LMTS | Data Scientist | AI for Platform Reliability & Operations, Salesforce

Apply for this job

Email *
Executive Name *

Job Description

Salesforce is looking to hire an LMTS Data Scientist who will work with its Falcon Kubernetes Platform team to create AI systems which improve reliability and performance and automate operations in their extensive cloud infrastructure.
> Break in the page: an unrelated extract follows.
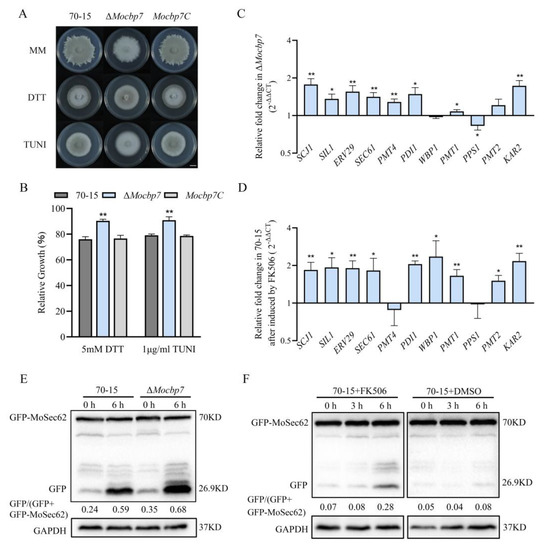 The ER, one of the major organelles for storing calcium ions, is subject to precise concentration regulation [39]. Numerous studies have shown that the calcium signaling pathway participates in ER stress adaptation, whereas a reduction in the calcium content in the ER induces ER stress [12]. To better comprehend the relationship between the calcium signaling system and ER, two ER stress inducers, dithiothreitol (DTT) and tunicamycin (TUNI), were added to the MM media to test the sensitivity of the ΔMocbp7 mutant. In MM media supplemented with 5 mM DTT or 1 g/mL TUNI, the relative growth rate of the ΔMocbp7 mutant was higher than that of wild-type 70-15 and Mocbp7C. (Figure 6A,B).
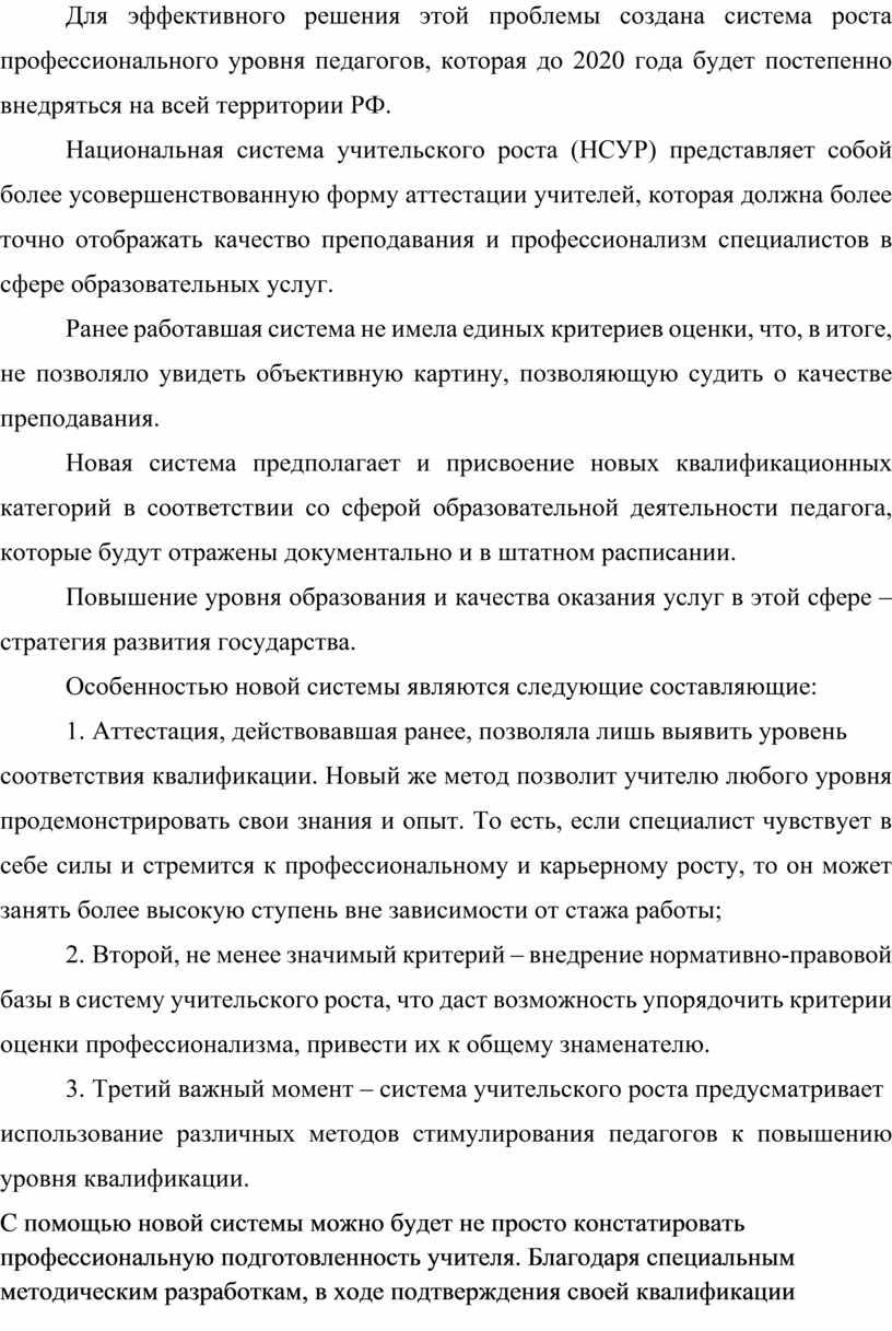 Для эффективного решения этой проблемы создана система роста профессионального уровня педагогов, которая до 2020 года будет постепенно внедряться на всей территории РФ.

The role involves using platform telemetry data to develop predictive analytics and decision-making systems and automated processes which will enhance operational efficiency in both Kubernetes and multi-cloud environments.
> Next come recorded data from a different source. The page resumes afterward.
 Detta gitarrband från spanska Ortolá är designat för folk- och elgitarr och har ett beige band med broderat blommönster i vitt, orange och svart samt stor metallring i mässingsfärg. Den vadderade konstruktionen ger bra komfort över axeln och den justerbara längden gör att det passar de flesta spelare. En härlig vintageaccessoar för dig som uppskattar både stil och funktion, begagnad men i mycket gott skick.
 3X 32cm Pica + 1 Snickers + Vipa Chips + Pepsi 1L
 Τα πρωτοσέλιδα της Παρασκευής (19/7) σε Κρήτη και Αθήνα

Date Posted: February 2026

Expiration Date: NA

Qualification: Bachelor’s/Master’s Degree

Apply: Apply Now

Main Duties

  • Develop artificial intelligence solutions which enhance platform performance through improved system reliability and increased system availability and better operational performance across all infrastructure components. 
  • Artificial intelligence systems which detect anomalies and predict failures and automate alerts and optimize resources for Kubernetes environments. 
  • Data pipelines and telemetry ingestion systems and analytics frameworks to achieve large-scale observability and intelligence. 
  • The team works together with SRE and platform engineering and product teams to develop AI solutions which solve operational problems for their organization. 
  • Automated workflows which include AI-assisted runbooks and decision-support tools for any platform operation.

Essential Qualifications

  • Experience with generative artificial intelligence and automation systems and operational analytics platforms. 
  • Using observability tools that include Prometheus and Grafana and Elasticsearch and similar platforms. 
  • Collaborated with SRE teams and infrastructure engineering teams to address platform reliability issues. 
  • Knowledge about multi-cloud architectures together with container workloads. 
  • The capacity to guide teams while fostering teamwork among team members.

Preferred Qualifications

  • Experience with generative artificial intelligence, automation technologies and operational analytics platforms. 
  • Expert with observability tools which include Prometheus and Grafana and Elasticsearch and similar software solutions. 
  • Use site reliability engineering and infrastructure engineering to fix platform reliability problems. 
  • Knowledge of container-based workload management and multi-cloud environment operations. 
  • Skills to guide team development while fostering teamwork within the group.